Rasseinfo

Herkunft
Im Jahre 1963 kreuzte die Amerikanerin Jean Mill die Asiatische Leopardkatze (ALC, felis bengalensis) mit einer Hauskatze. Das Ziel war, eine zahme, menschenbezogene, aber wild aussehende Hauskatze zu züchten.

 

Die ersten Nachkommen (F1) waren genau so wild, und die Kater steril. In der zweiten Generation (F2) waren nicht mehr alle Kater steril. So konnte sie weitere Verpaarungen machen, bis die Nachkommen einen verschmusten und liebevollen Charakter bekamen. Später hat sie andere Rassen mit eingekreuzt. Dazu gehören unter anderem die Egypten Mau, Abessinier und American Shorthair.

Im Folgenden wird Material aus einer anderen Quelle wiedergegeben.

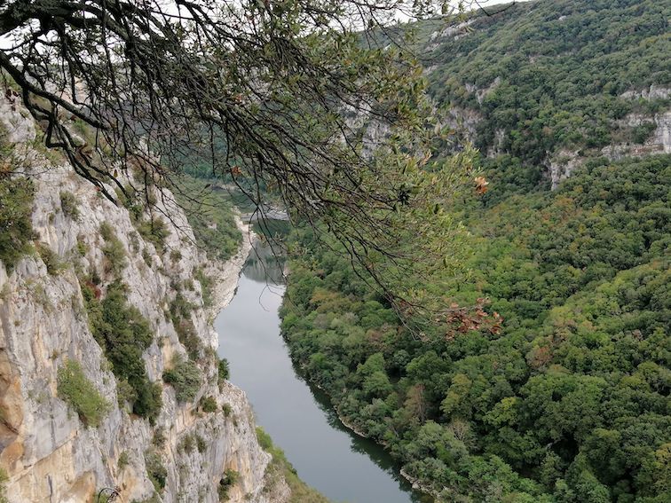 In the Ardèche Gorges. steep limestone cliffs drop down from up to 300 metres. It has taken more than one hundred million years for the pounding waters of the ice blue Ardèche river to carve a channel in these deep gorges which cover a route of 23 miles. The 30,000 year-old, famous, natural Pont d'Arc provides an entrance to the canyon. Fringed by a sandy beach, this is a popular spot for picnics, canoeing and swimming.

So entstanden weitere Farben und Blutlinien.

 

Charakter der Bengalkatze
Die Bengalkatze verzaubert die Menschen durch ihr freundliches und verschmustes Wesen. Sie ist sehr menschenbezogen und „plaudert“ gerne mit ihnen. Die Bengalkatze spielt sehr gerne, sie ist neugierig und intelligent. Sie sollte mit einer zweiten Katze zusammen sein, so dass sie ihren Spieltrieb ausleben kann.

Eine Besonderheit der Bengalen ist auch, dass sie Wasser lieben.

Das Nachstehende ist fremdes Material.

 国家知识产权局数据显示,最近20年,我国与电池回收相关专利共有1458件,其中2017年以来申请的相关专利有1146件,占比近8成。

Sie verschleppen sehr gerne Sachen. Es kommt vor, dass ich tagelang den zweiten Socken von unserem Sohn suche…!

Wir legen sehr grossen Wert darauf, das unsere Bengalkinder sich von den ersten Lebenstagen und Wochen an Kinder und andere Katzen gewöhnen.

Aussehen der Bengalkatze
Die Bengalkatze hat ein extrem seidiges und eng anliegendes kurzes Fell. Das Fell glänzt durch ihren Goldenglitter, den sie hat. Das unterscheidet eine Bengal auch von anderen Rassen. Die Ohren sollten vorzugsweise klein und an der Spitze abgerundet sein. Die Nasen der Bengalen sind gross und breit. Das Nasenprofil sollte gerade sein.

Der Schwanz sollte dicht behaart sein, und die Schwanzspitze muss schwarz sein. Auch die Pfotenunterseite muss schwarz sein. Sie hat auffallend grosse und ausdrucksstarke Augen, die uns extrem faszinieren.

Der Körper ist lang und gestreckt. Sie ist sehr muskulös, dadurch hat sie auch ein sehr elegantes Erscheinungsbild. Die Beine sind kräftig, wobei die hinteren Beine etwas höher stehen. Dadurch haben sie eine enorme Sprungkraft. Sie sollte daher auch viele Klettermöglichkeiten zur Verfügung haben.